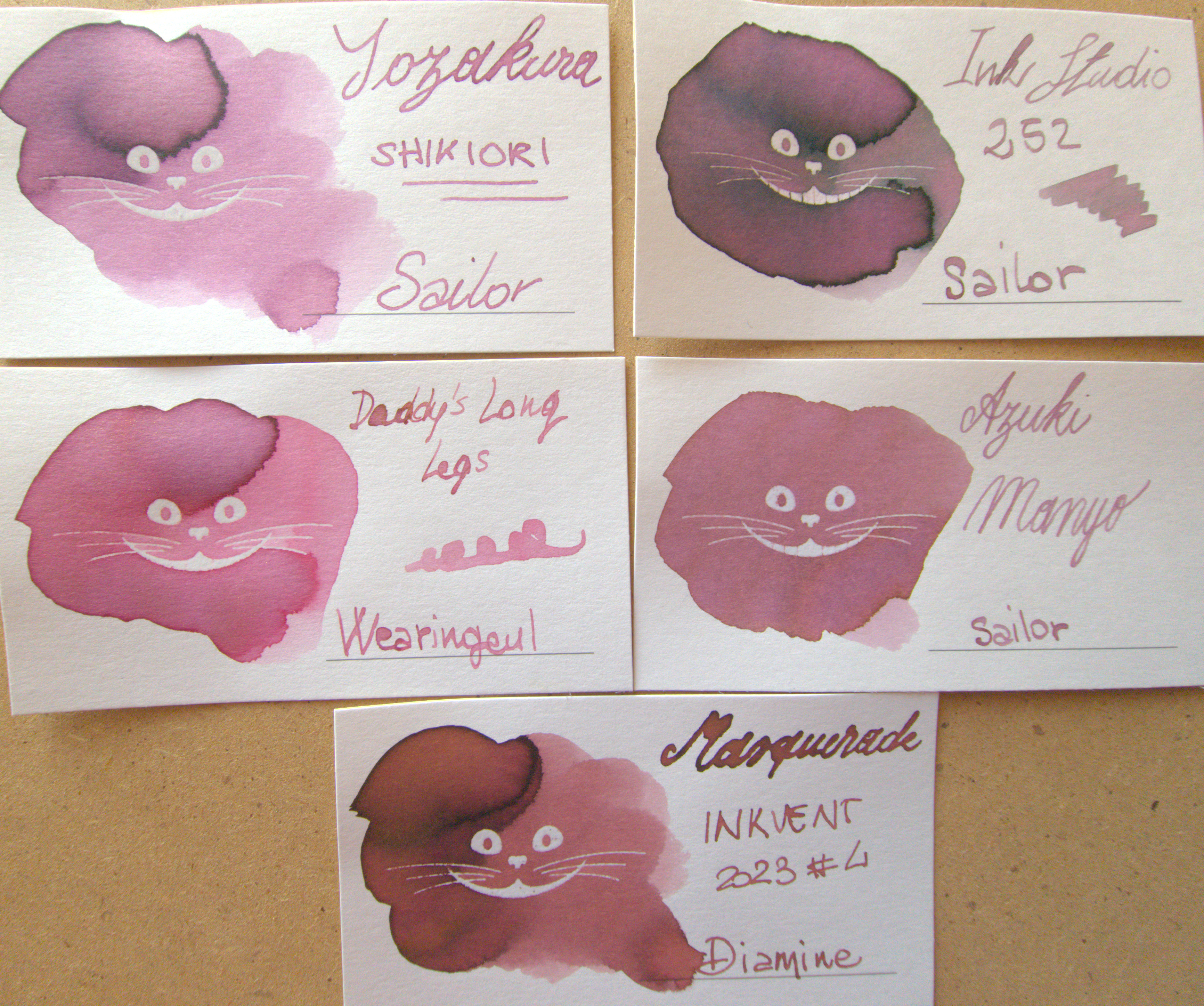 Yozakura è un rosa medio, freddo, desaturato. Ha scarso shading, non ha chromashading a parte raro haloing nero. E' rarissimo uno sheen (nero/verde). Non ha glitter.
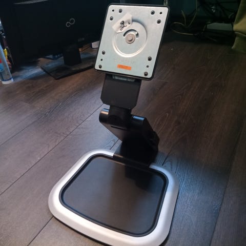Näytönjalka. Kiinnitys 100mm reikävälillä. Korkeussäätö, kallistus ja näytön kääntö.
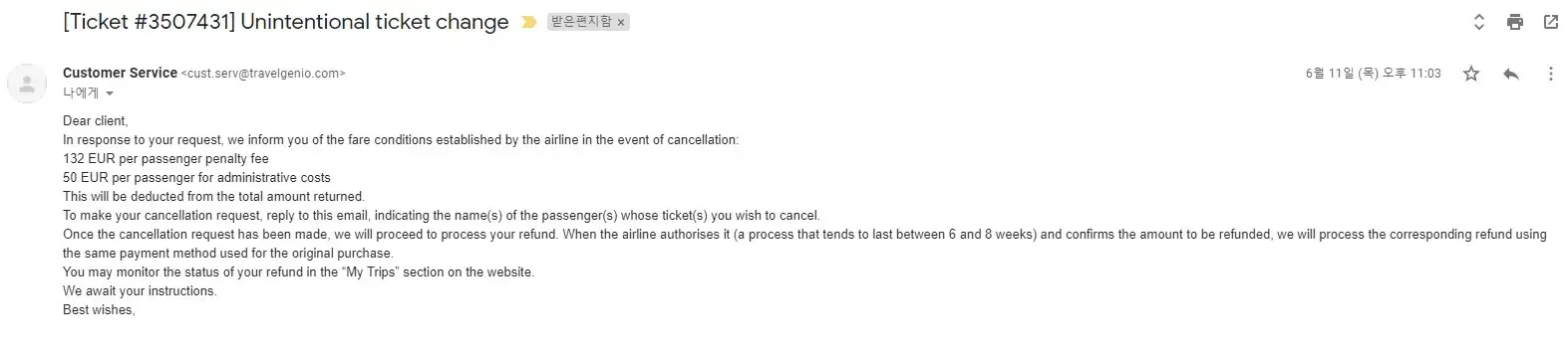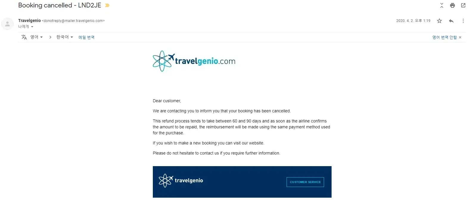 I booked two tickets at British airline(through a Korean agency, not travelgenio) departing from Seoul(South Korea) to the UK and received a full refund 3 months ago.
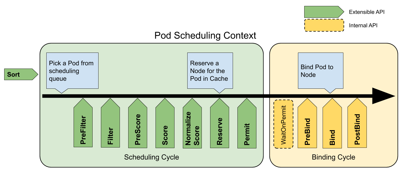 The following picture shows the scheduling context of a Pod and the extension points that the scheduling framework exposes. In this picture "Filter" is equivalent to "Predicate" and "Scoring" is equivalent to "Priority function".
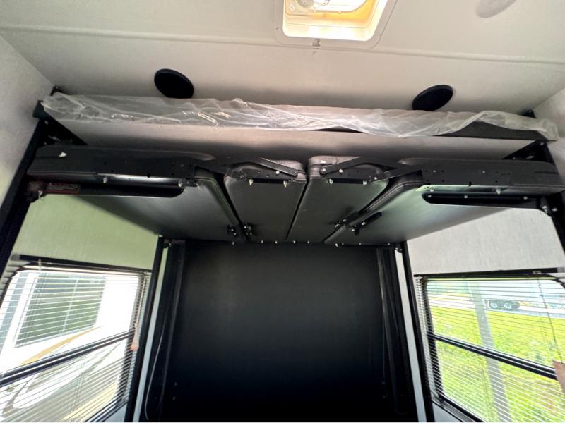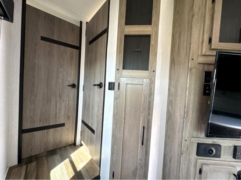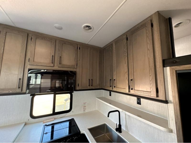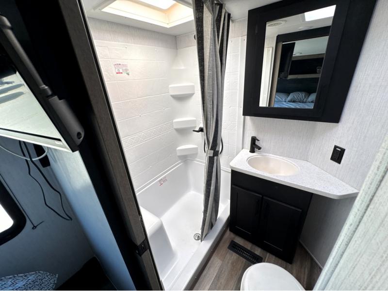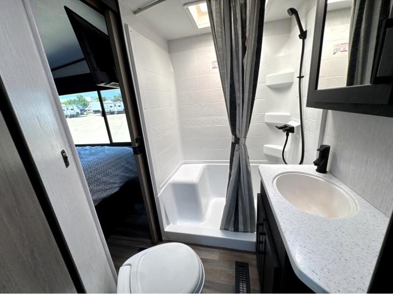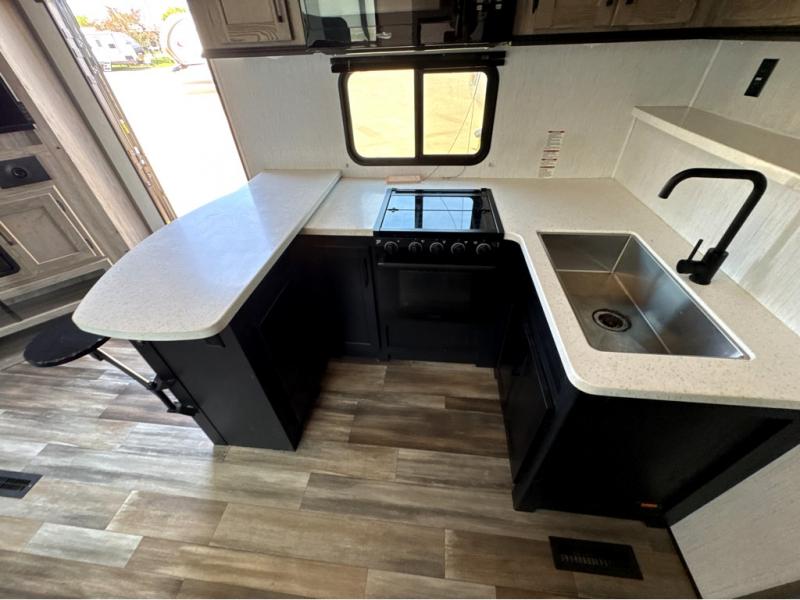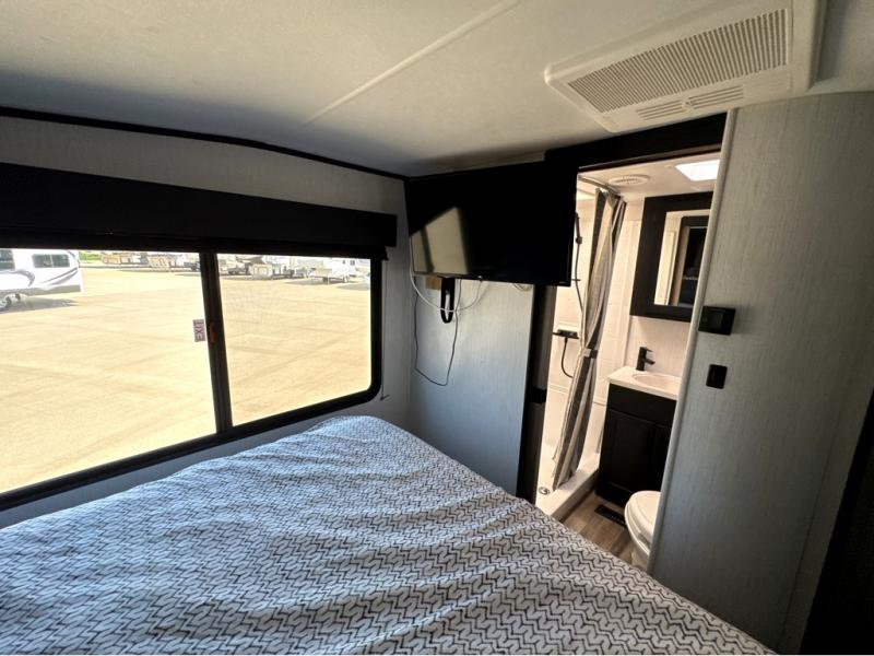 Whether you choose to bring along kayaks, dirt bikes, or a side-by-side, this toy hauler is equipped for all your adventures. Once you unload using the ramp door, you can relax on the convertible sofa while your teens climb in the loft area. The main living area is made spacious thanks to the slide out that includes reclining sofa seating with cup holders and USB ports. The chef of your group can prepare meals on the three burner cooktop, or use the microwave oven inside, and there is also an outdoor kitchen that is perfect when you want to cook and eat outdoors. There is a stainless steel refrigerator here, plus a counter with swing-out stools the all are sure to love. The dual entry bath includes a shower with a seat for convenience, and you'll love the front private bedroom with a king bed and a wardrobe slide for more space!
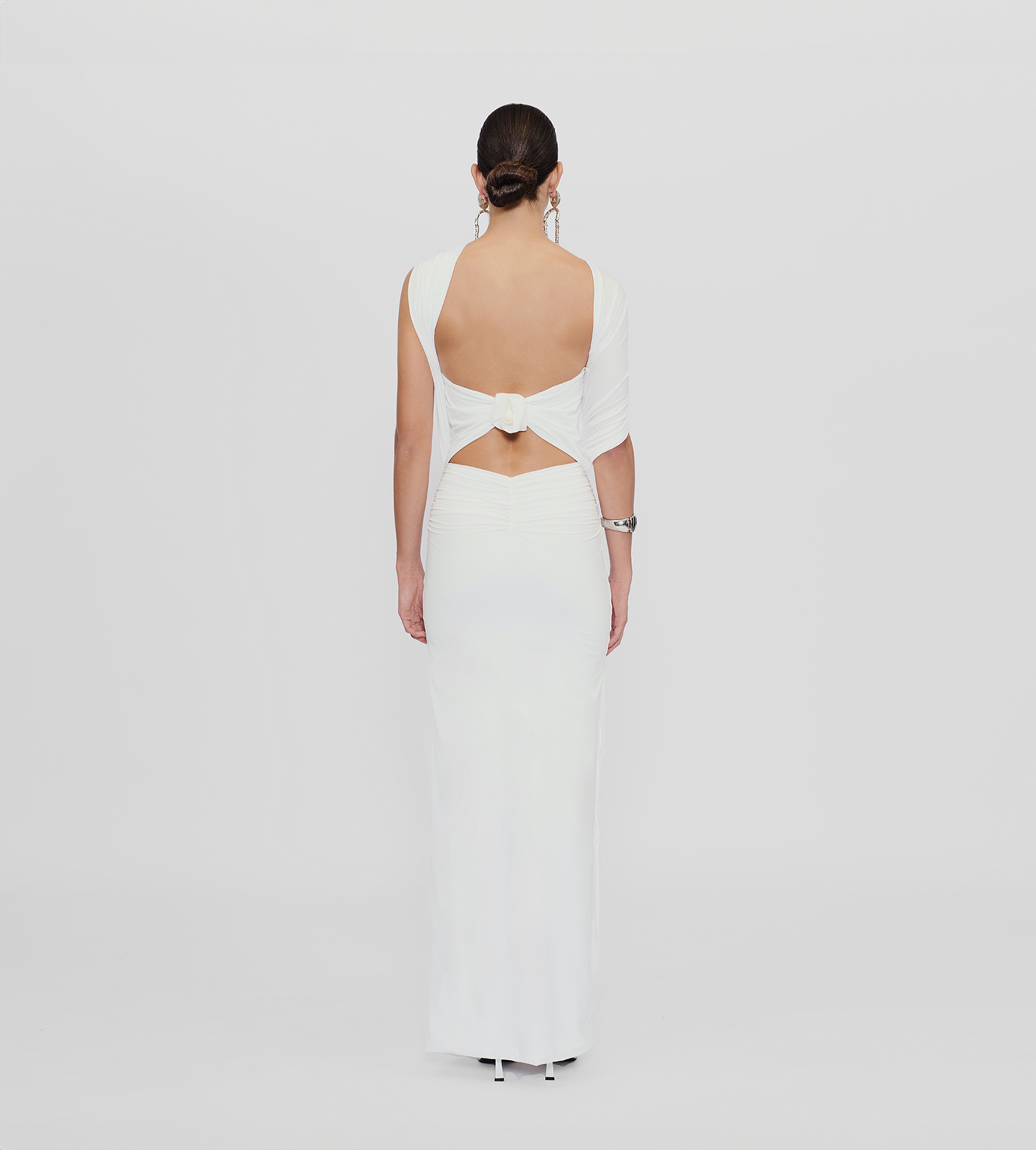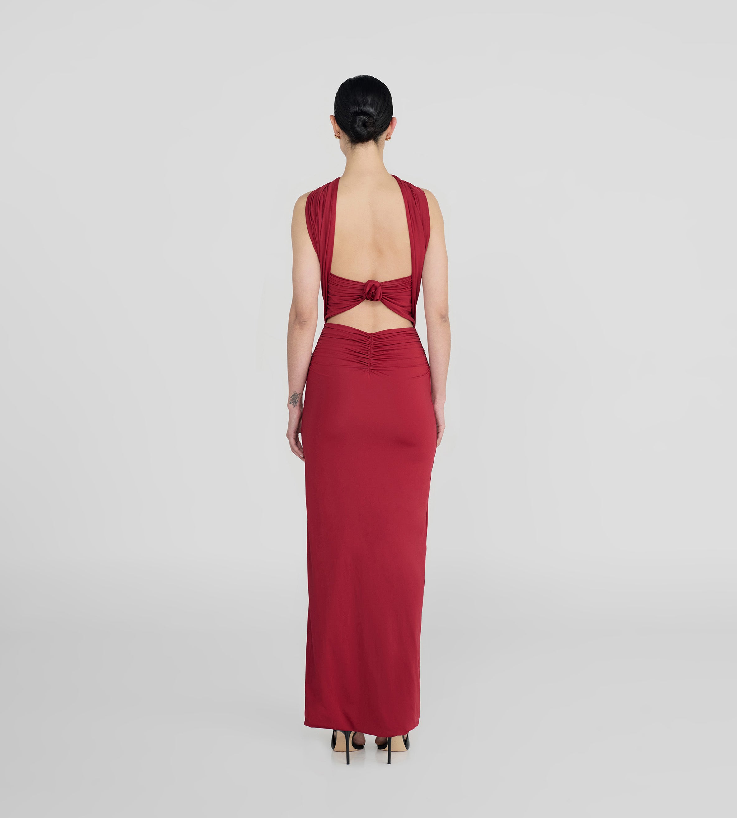 Versátil y divertido, nuestro vestido largo Mulett ofrece múltiples opciones de estilo. Lleva tu creatividad al siguiente nivel y muéstranos tu forma favorita de llevarlo. Con un escote recto, una silueta ajustada con fruncidos en el delantero, lazo/tiras multifuncionales, espalda con aberturas y detalles florales tridimensionales hechos a mano, te proponemos 4 opciones diferentes de cómo llevarlo; descubramos juntas muchas más !

· · ·

**Task requirements**:
Everything in the listing above must be restated word for word, except the images.

**Answer**:
 Yozakura è un rosa medio, freddo, desaturato. Ha scarso shading, non ha chromashading a parte raro haloing nero. E' rarissimo uno sheen (nero/verde). Non ha glitter.
Näytönjalka. Kiinnitys 100mm reikävälillä. Korkeussäätö, kallistus ja näytön kääntö.
 I booked two tickets at British airline(through a Korean agency, not travelgenio) departing from Seoul(South Korea) to the UK and received a full refund 3 months ago.
 The following picture shows the scheduling context of a Pod and the extension points that the scheduling framework exposes. In this picture "Filter" is equivalent to "Predicate" and "Scoring" is equivalent to "Priority function".
 Whether you choose to bring along kayaks, dirt bikes, or a side-by-side, this toy hauler is equipped for all your adventures. Once you unload using the ramp door, you can relax on the convertible sofa while your teens climb in the loft area. The main living area is made spacious thanks to the slide out that includes reclining sofa seating with cup holders and USB ports. The chef of your group can prepare meals on the three burner cooktop, or use the microwave oven inside, and there is also an outdoor kitchen that is perfect when you want to cook and eat outdoors. There is a stainless steel refrigerator here, plus a counter with swing-out stools the all are sure to love. The dual entry bath includes a shower with a seat for convenience, and you'll love the front private bedroom with a king bed and a wardrobe slide for more space!
 Versátil y divertido, nuestro vestido largo Mulett ofrece múltiples opciones de estilo. Lleva tu creatividad al siguiente nivel y muéstranos tu forma favorita de llevarlo. Con un escote recto, una silueta ajustada con fruncidos en el delantero, lazo/tiras multifuncionales, espalda con aberturas y detalles florales tridimensionales hechos a mano, te proponemos 4 opciones diferentes de cómo llevarlo; descubramos juntas muchas más !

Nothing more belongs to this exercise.